Tuesday, November 3, 2009

Every Little Thing He Does

My paranoia has been really bad the last couple months. I'm convinced that everything my partner says is a lie. Even the smallest thing, I freak out and think that things are going on behind my back. And it doesn't stop there. I investigate until I can prove to myself that he isn't actually lying to me. When I can't, I just can't let it go. It gets to me until I blow up at him, which of course leads to a fight about self-confidence and jealousy. I don't mean to. Until recently I couldn't even see myself doing it, but now I feel it coming and I know that I'm not strong enough to fight it off. So I stare out the window and see which direction he comes from. Because if he comes from the other direction, well, he wasn't where he said, was he? If the phone rings and it isn't a phone number I know, I google it, I reverse look up on five different phone number sites. When I get a name (and it's female), I research the name. I go on Facebook to see who it is. It's usually a wrong number.

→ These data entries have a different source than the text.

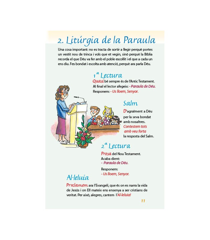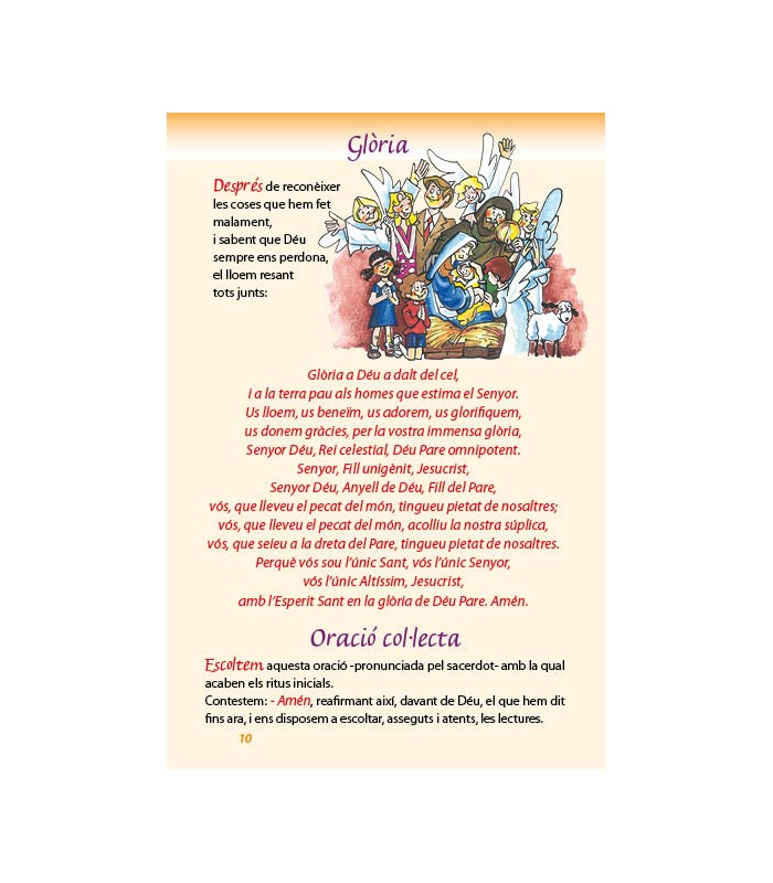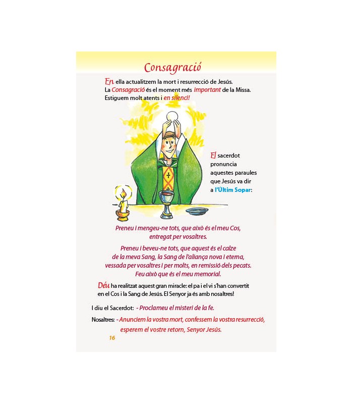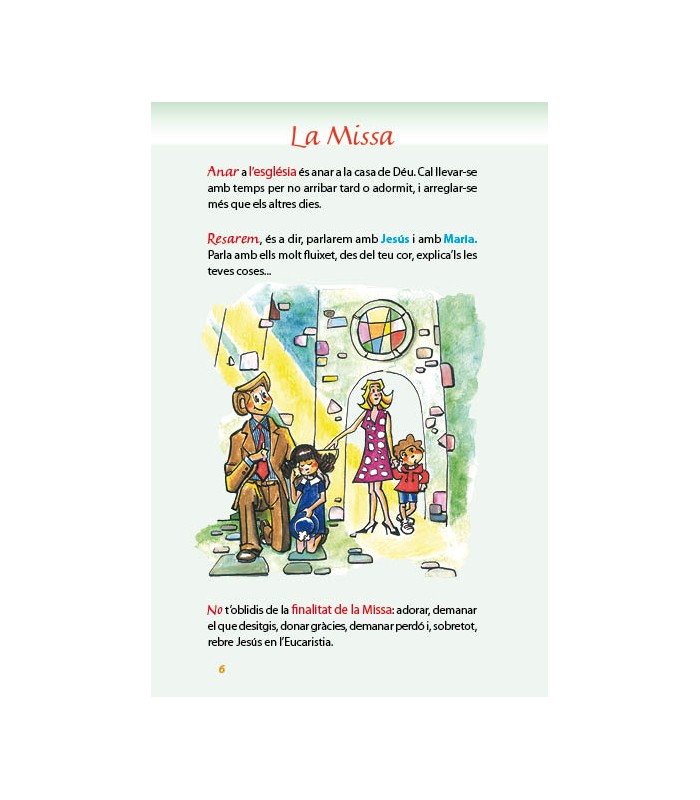 Excepcional visualització i text dinàmic; conté les oracions i les respostes de la Missa. Inclou els dos credos. Il.lustracions y textos són adequats per aquestes edats.
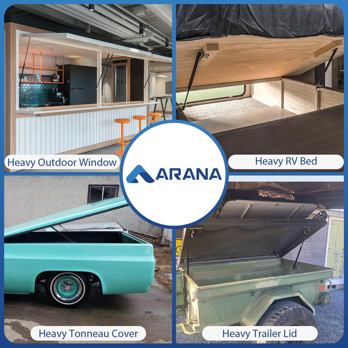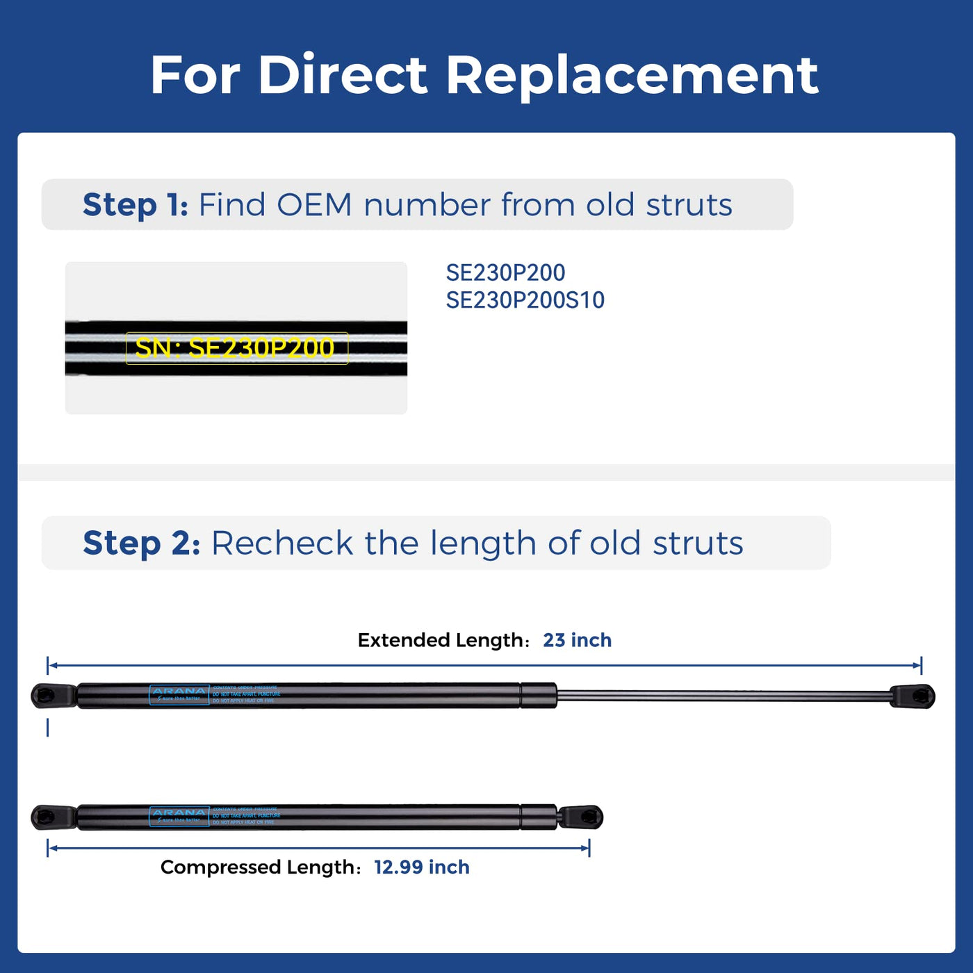 Arana Se230P200 23'' Gas Struts - 200Lb Prop Springs Shocks For Heavy Rv, Trailer & Tonneau Cover, 2Pcs
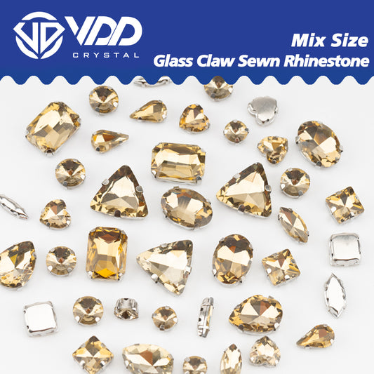 VDD Tawny Multi Shape Mix Size Glass Sew on Rhinestones Crystal Flatback Stones For DIY Shoes Accessories
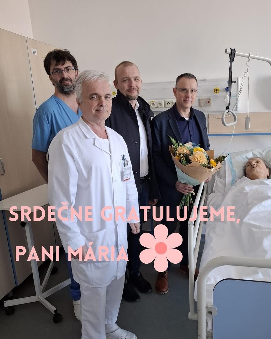 „Šťastie a zdravie prajeme našej milovanej pacientke, pani Márii, a ďakujeme jej za inšpiráciu a silu, ktorú nám všetkým rozdáva“ blahoželá nemocnica k výnimočnému jubileu pani Márie.

I've been really short-tempered with him lately too and I can feel it starting to take its toll. I mean, he's still with me and he's put up with a lot. I get mad when he spills something or drops something, as if it's his fault. It's really stupid but I have a hard time just letting things go now and it's starting to get a bit scary.

I won't get into my jealousy issues now, because I know there will be plenty of those posts later on.